• _Problem description_: Omit the pictures. Transcribe exactly the lines below, from the one with "Beau papier d'emballage" up to and including the last.

• _Provided material_:
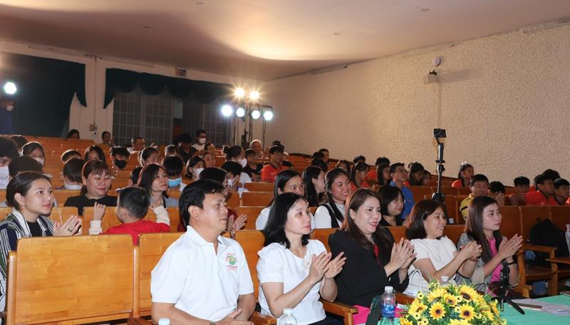 Hơn 100 khán giả là cán bộ, giáo viên, học sinh, sinh viên đã được thưởng thức 10 tiết mục ca múa nhạc đặc sắc như: tốp ca Đường lên phía trước, đơn ca Nhớ mẹ, múa đôi Nỗi đau của chúng tôi; song ca Đất nước tình yêu, Khát vọng… do các nghệ sĩ Trung tâm Văn hóa - Điện ảnh tỉnh biểu diễn.
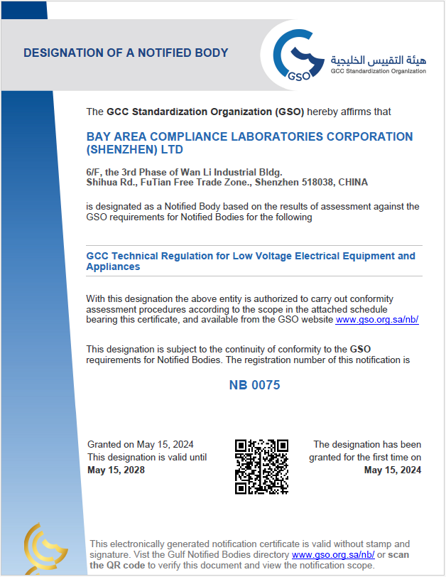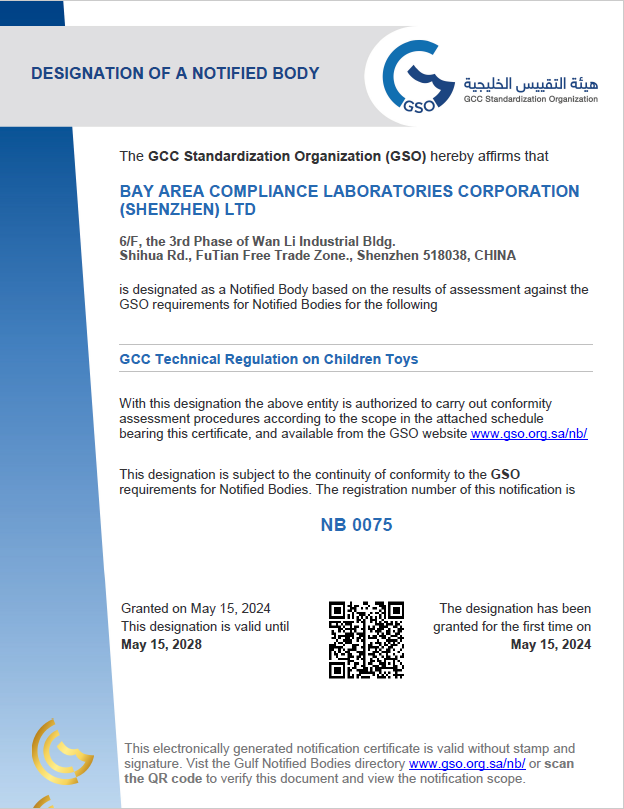 2024年5月,BACL成功被海灣標準化組織(GSO)認定為低壓電氣設備(LVE)和兒童玩具兩個(gè)領(lǐng)域的NB公告機構。
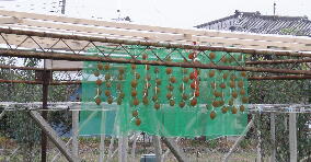 ※ 緑色のものは、干し柿を鳥から守るための網 |
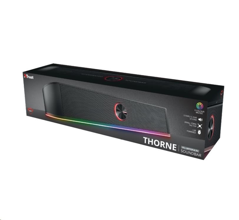 TRUST reproduktor GXT 619 Thorne RGB Illuminated SoundbarSpecifikace sestavy:1; Výkon sestavy RMS (ve W):6; Rozhraní:3.5mm jack.
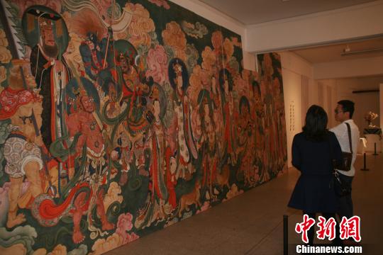 “中央美术学院首届宗教绘画高研班作品展”23日在中央美院教学展厅开幕,一件1:1比例复制的明代宫廷《法海寺壁画》极为震撼。 杨彦宇 摄
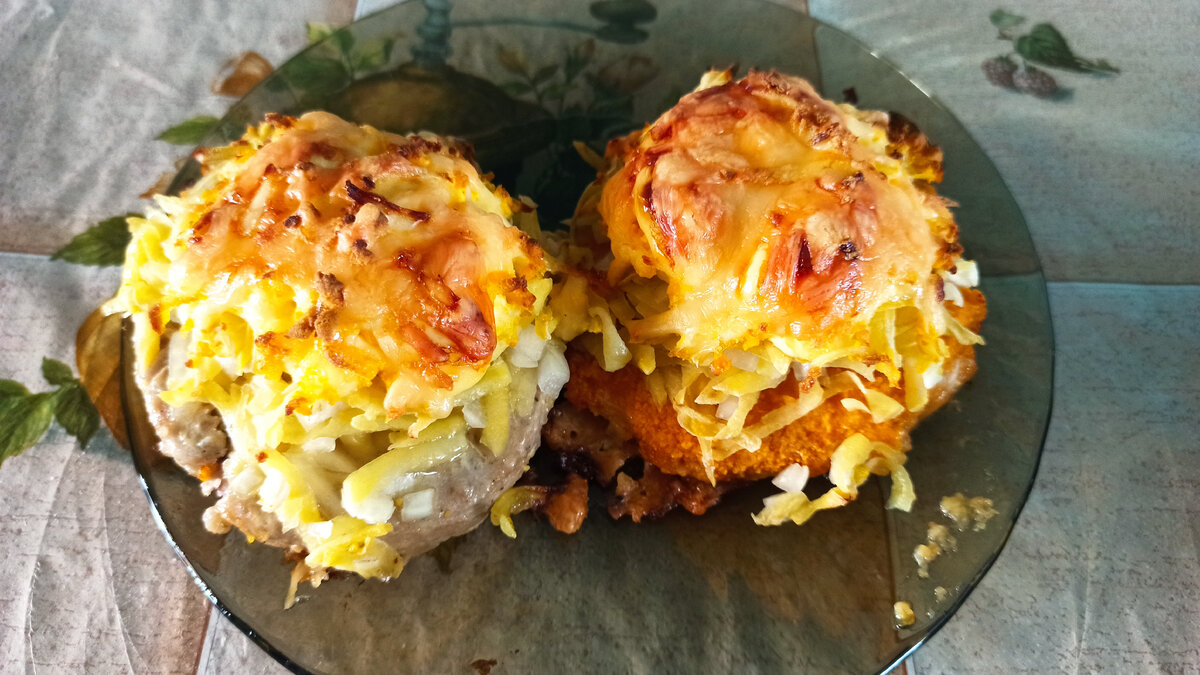 Воскресный день. Вся семья дома. Чем же удивить близких? Вспомнила старый рецепт и решила предложить вам приготовить ужин выходного дня. Для начала подготовим все ингредиенты. Во-первых нужно взять мясную основу: отбивную, фарш или котлетку. В этот раз я решила попробовать котлетки, приобретённые мною в магазине "Ермолино". Выкладываем на противень, покрытой бумагой для запекания котлетки. Бумагу предварительно нужно смазать маслом. Можно брать разное мясо. У меня свиные котлеты и куриные с ветчиной и сыром. Далее заготавливаем остальные ингредиенты. На крупную тёрку натираем свежий картофель, предварительно отваренные яйца и сыр. Лук мелко нарезаем. Далее перемешиваем картофель и лук. Немного присолим. На котлеты сверху накладываем картофель. И немного смазываем майонезом. Сверху посыпаем яйцом. И снова майонез. На самый верх горки кладём сыр. Вот что у нас получилось. Отправляем в духовку на 30-40 минут. И вот наш ужин готов. ПРИЯТНОГО АППЕТИТА! А у вас есть семейные рецепты? Вы го
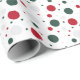 Beau papier d'emballage avec un motif de pois rouges et verts, idéal pour l'emballage cadeau de vos cadeaux de vacances. Illustré et dessiné par Patricia Alvarez.
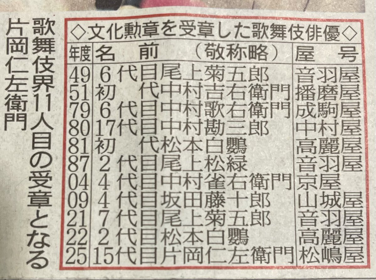 片岡仁左衛門さん、文化勲章おめでとうございます。歌舞伎俳優では22年の松本白鸚さん以来、3年ぶり11人目です。 日本芸術院会員、人間国宝、文化功労者、文化勲章の4つを獲得している現役の歌舞伎俳優は7代目尾上菊五郎さんと仁左衛門さんの2人になりました。 #片岡仁左衛門 #歌舞伎 pic.x.com/MVrsYABJLC
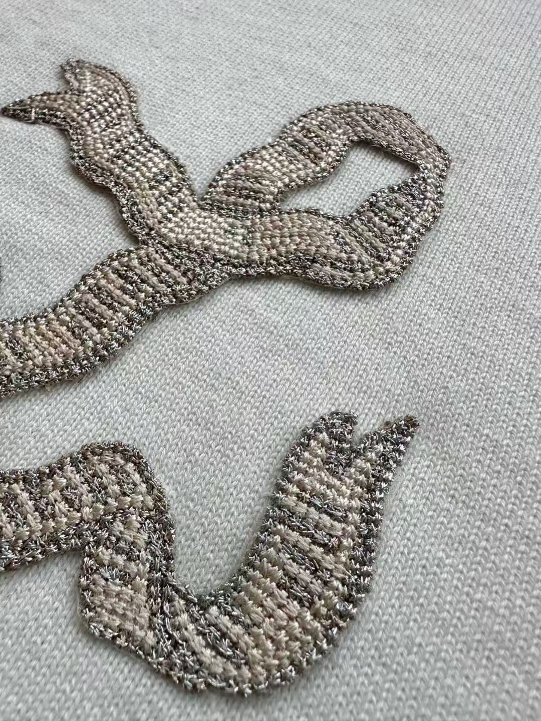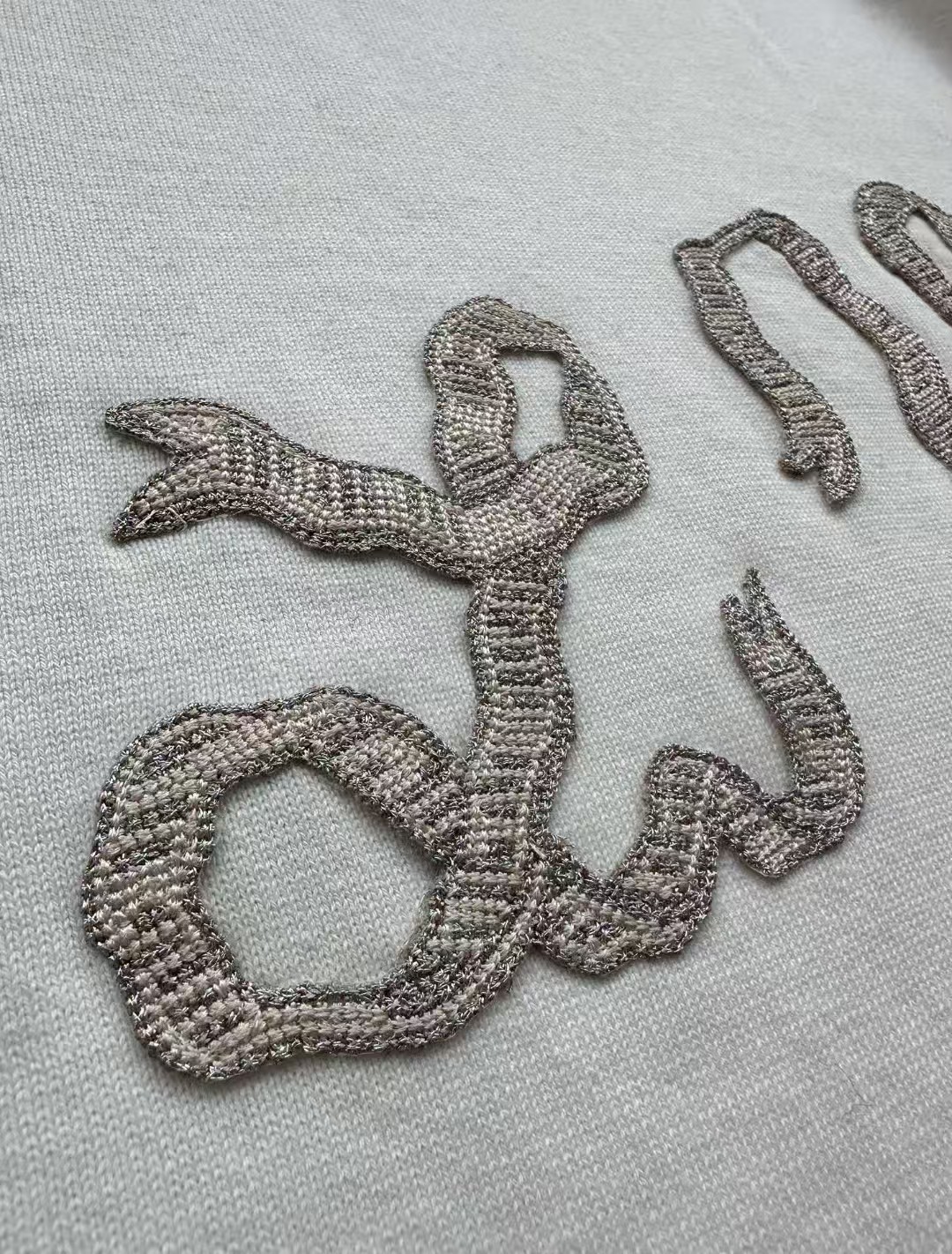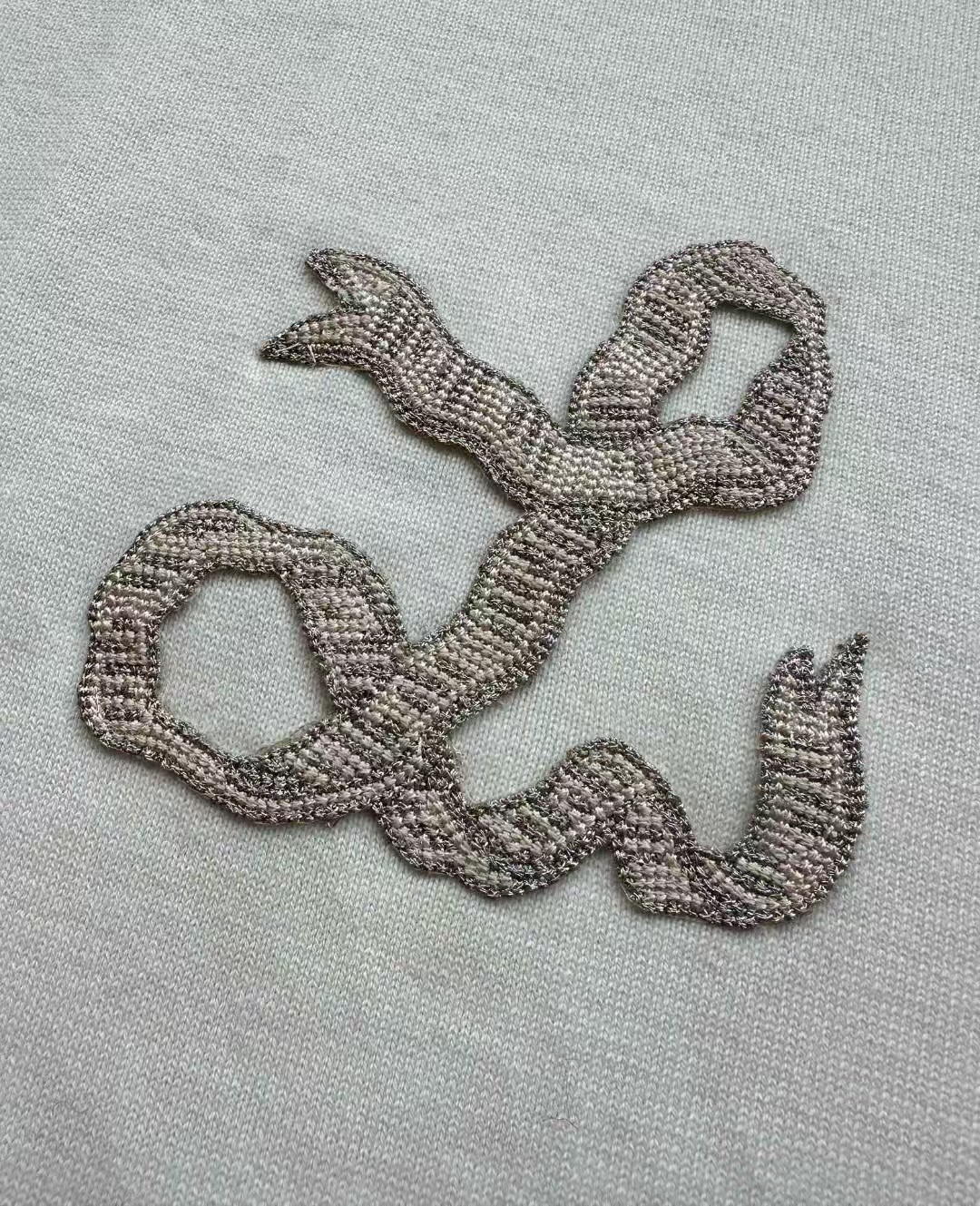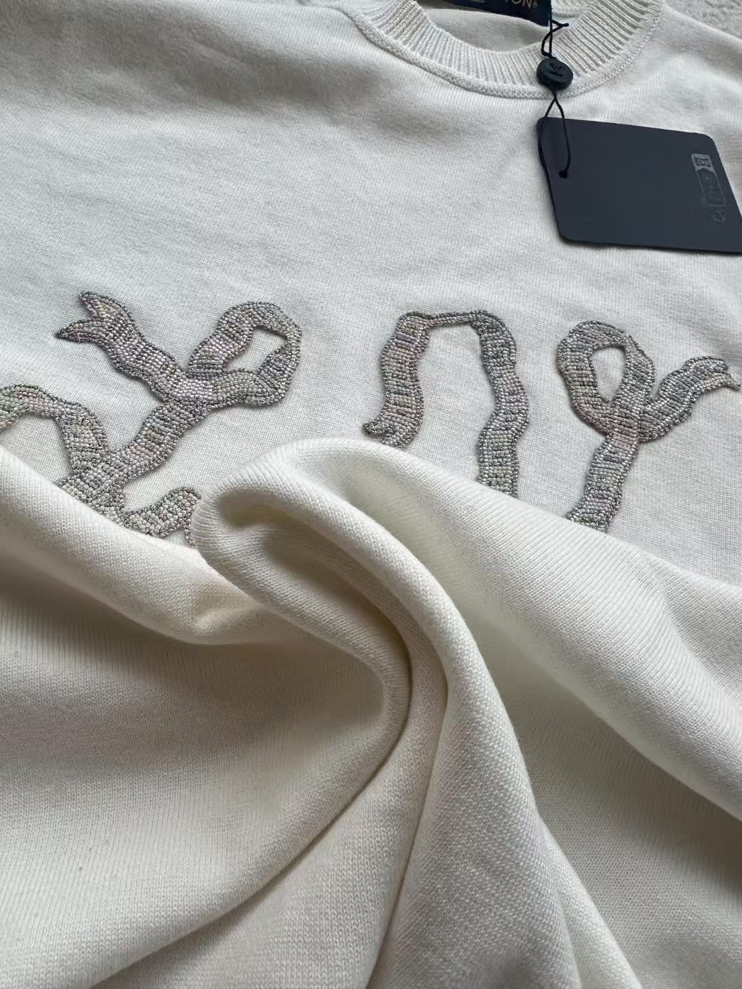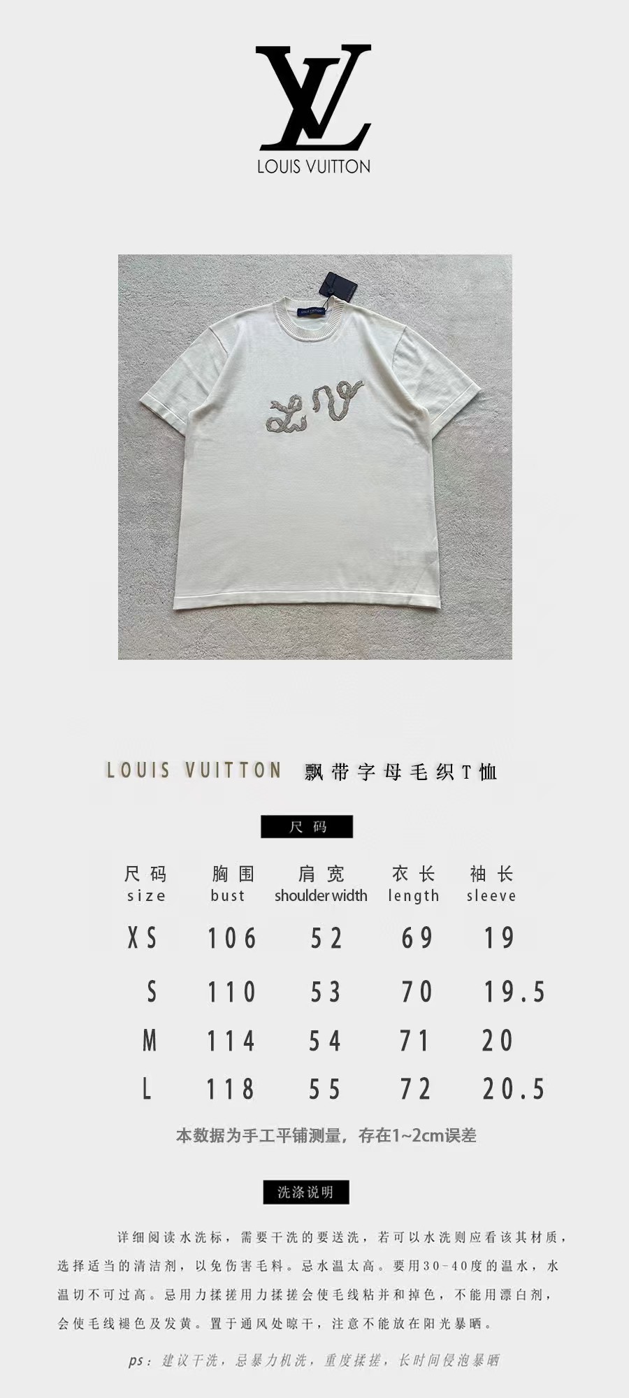 Louis*V…❤️原版级❤️飘带毛织短袖👍此款对板采用80支双股赛络纺纱,高支高品质纱能保证面部无毛刺光滑柔软。运用进口14针织机双纱入机做平纹工艺,章仔处由进口金银线对板做工艺,成品后再由人工精细沿边手工摇上去。烫板定型

• _Task solution_:
 Beau papier d'emballage avec un motif de pois rouges et verts, idéal pour l'emballage cadeau de vos cadeaux de vacances. Illustré et dessiné par Patricia Alvarez.
 片岡仁左衛門さん、文化勲章おめでとうございます。歌舞伎俳優では22年の松本白鸚さん以来、3年ぶり11人目です。 日本芸術院会員、人間国宝、文化功労者、文化勲章の4つを獲得している現役の歌舞伎俳優は7代目尾上菊五郎さんと仁左衛門さんの2人になりました。 #片岡仁左衛門 #歌舞伎 pic.x.com/MVrsYABJLC
 Louis*V…❤️原版级❤️飘带毛织短袖👍此款对板采用80支双股赛络纺纱,高支高品质纱能保证面部无毛刺光滑柔软。运用进口14针织机双纱入机做平纹工艺,章仔处由进口金银线对板做工艺,成品后再由人工精细沿边手工摇上去。烫板定型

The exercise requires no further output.